An editorial and a case report on Disorders of Sexual Development (DSD) in the Medical Journal of Australia highlight the need for early diagnosis and effective risk management in these rare but potentially life threatening cases.

DSD describes conditions in which patients are born with ambiguous genitalia; DSD were previously described by terms such as ‘intersex’, ‘hermaphroditism’ and ‘testicular feminisation’.

In the editorial, endocrinologists from Melbourne’s Royal Children’s Hospital, Dr Garry Warne and Dr Jacqueline Hewitt, discuss the sometimes contentious management of the disorder, and call for the preparation of separate risk management strategies for individual patients.

“International debate continues about the ethics of performing genital surgery on affected infants and children,” Dr Warne said.

“The option to assign a gender but postpone surgery until the child is able to give consent has been strongly advocated in some quarters, but hasn’t gained wide acceptance because of concerns that children might suffer psychological harm if left with ambiguous genitalia.

“Another dilemma in delaying sex-assignment surgery is the increased risk of gonadal malignancy. what has largely been missing from the debate is recognition that surgery forms a necessary part of the risk management strategy for preventing gonadal malignancy.”
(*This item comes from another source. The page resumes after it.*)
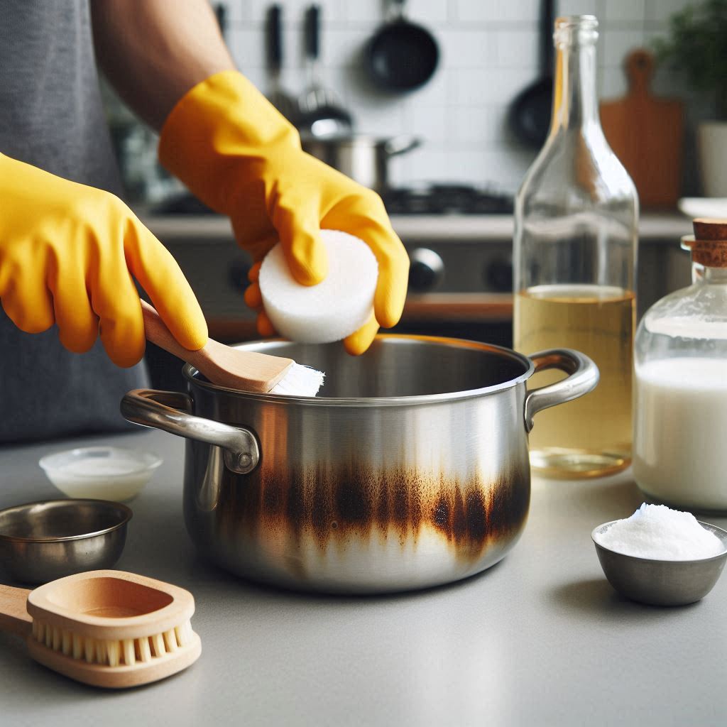 베이킹소다는 주방 청소의 만능 해결사로 불릴 만큼 다양한 용도로 활용됩니다. 특히 탄 자국 제거에 있어서도 탁월한 효과를 보입니다. 냄비에 물을 넣고 베이킹소다를 넉넉하게 뿌려 수 시간 동안 불려 둡니다. 이후 부드러운 철수세미나 스펀지를 이용해 문지르면 탄 자국이 쉽게 벗겨집니다.

Gonadal malignancy proved fatal in a case detailed in the MJA by Dr Jim Parker (et al) from the University of Western Sydney.

The case was of a 59 year old man who presented with previously undiagnosed DSD. Internal investigations for a related complaint revealed a normally formed uterus and an abdominal gonad with an advanced malignancy.

The uterus and gonad were surgically removed, and the patient was treated postoperatively with chemotherapy, but died 18 months later.

Dr Warne said the tragic case highlighted the need for accurate diagnosis and early monitoring and care from a multidisciplinary team.

“The means for accurate diagnosis are improving with the development of microarray technology that offers an exciting and promising advance in identifying genetic mutations,” Dr Warne said.